UniMorphGrasp: Diffusion Model with Morphology-Awareness for Cross-Embodiment Dexterous Grasp Generation

1King's College London, 2Imperial College London, Corresponding Authors

Abstract

Cross-embodiment dexterous grasping aims to generate stable and diverse grasps for robotic hands with heterogeneous kinematic structures. Existing methods are often tailored to specific hand designs and fail to generalize to unseen hand morphologies outside the training distribution. To address these limitations, we propose UniMorphGrasp, a diffusion-based framework that incorporates hand morphological information into the grasp generation process for unified cross-embodiment grasp synthesis. The proposed approach maps grasps from diverse robotic hands into a unified human-like canonical hand pose representation, providing a common space for learning. Grasp generation is then conditioned on structured representations of hand kinematics, encoded as graphs derived from hand configurations, together with object geometry. In addition, a loss function is introduced that exploits the hierarchical organization of hand kinematics to guide joint-level supervision. Extensive experiments demonstrate that UniMorphGrasp achieves state-of-the-art performance on existing dexterous grasp benchmarks and exhibits strong zero-shot generalization to previously unseen hand structures, enabling scalable and practical cross-embodiment grasp deployment.

Pipeline Overview

UniMorphGrasp Pipeline
(Left) The overview of our proposed UniMorphGrasp for cross-embodiment dexterous grasp generation. Given an object point cloud and an arbitrary hand morphology extracted from its URDF specification (mapped to a pre-defined canonical hand format), we employ a morphology encoder to extract morphology representations from the hand's joint structure. The hand pose (noised via a diffusion scheduler in training) is embedded through a linear layer, and concatenated with its active joint mask embedding to obtain the hand representation. This representation is then processed through a morphology-aware denoising model, where the iterative process is conditioned on both the morphology representation and the point cloud representation extracted via a Point Transformer. The entire framework is trained using a morphology-aware loss function. (Right) The structure of our morphology-aware denoising model, which is conditioned on the encoded morphology and the point cloud representations via cross-attention.

Method Performance

MultiDex Performance
UniMorphGrasp can generate stable and diverse grasps for cross-embodiment dexterous hands.
More MultiDex Results
More results generated by our UniMorphGrasp on the MultiDex dataset.
Quantitative Results 1
Quantitative comparison of our UniMorphGrasp (w/. and w/o. the morphology-aware loss) with different cross-embodiment dexterous grasp synthesis baselines across three robotic hands from three to five fingers: Barrett, Allegro, and Shadow hand.
Qualitative Comparison
Qualitative comparison with baselines 1) GenDexGrasp and 2) DRO-Grasp, where our results demonstrate superior surface conformity and stable form-closure.

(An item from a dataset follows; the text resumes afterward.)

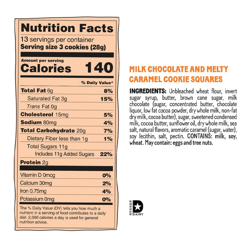 Q: What are the key ingredients in Michel et Augustin Cookies?A: Michel et Augustin Cookies are made with natural ingredients, including real butter, milk chocolate, and caramel. They contain no preservatives, artificial flavors, dyes, or GMOs, ensuring a wholesome treat.
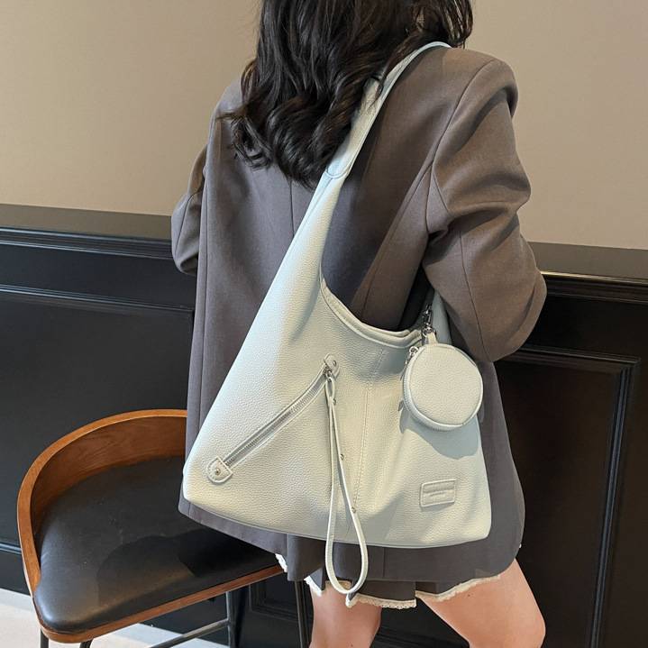 トレンド感溢れる2WAY仕様のショルダーバッグが登場。しなやかで柔らかいPUレザー素材が高見えし、オン・オフ問わず幅広いシーンで活躍します。サイドにはスタイリッシュなジッパー、取り外し可能な丸型ミニポーチ付きで機能性も抜群です。通勤や通学にもぴったりなサイズ感で、シンプルながらこなれ感のある印象に仕上がります。

Zero-Shot Generalization to Novel Hand Morphologies

Generalization 1
Topological Variations: We selectively remove fingers of the Shadow hand.
Generalization 2
Geometrical Variations: We scale the finger lengths by factors of 1.5× (lengthened).
Generalization 3
Geometrical Variations: We scale the finger lengths by factors of 0.8× (shortened).
Generalization 4
Embodiment Variations: We replace Shadow Hand fingers with Allegro Hand fingers to introduce embodiment changes in joint axis, joint limits, and link geometries.

Cross-Dataset Results

We conduct cross-dataset evaluations on the Multi-GraspLLM and Objaverse datasets to evaluate the zero-shot generalization capability of our model.

Multi GraspLLM
Visualizations of cross-embodiment grasps synthesized by UniMorphGrasp on the Multi-GraspLLM dataset.
Objaverse Results
Visualizations of cross-embodiment grasps synthesized by UniMorphGrasp on the Objaverse dataset.
Quantitative Results 2
Cross-dataset zero-shot generalization results. We evaluate models trained on MultiDex directly on unseen datasets: Multi-GraspLLM and Objaverse.

Real-World Experiments

We validate UniMorphGrasp in real-world scenarios using a UR5e arm equipped with a Leap Hand.

Real World 1 Real World 2

Real-world grasping demonstrations on the Leap Hand.

Quantitative Results 3
Quantitative real-world evaluation on the Leap Hand. We report the success rate over 10 attempts for eight objects from the YCB dataset.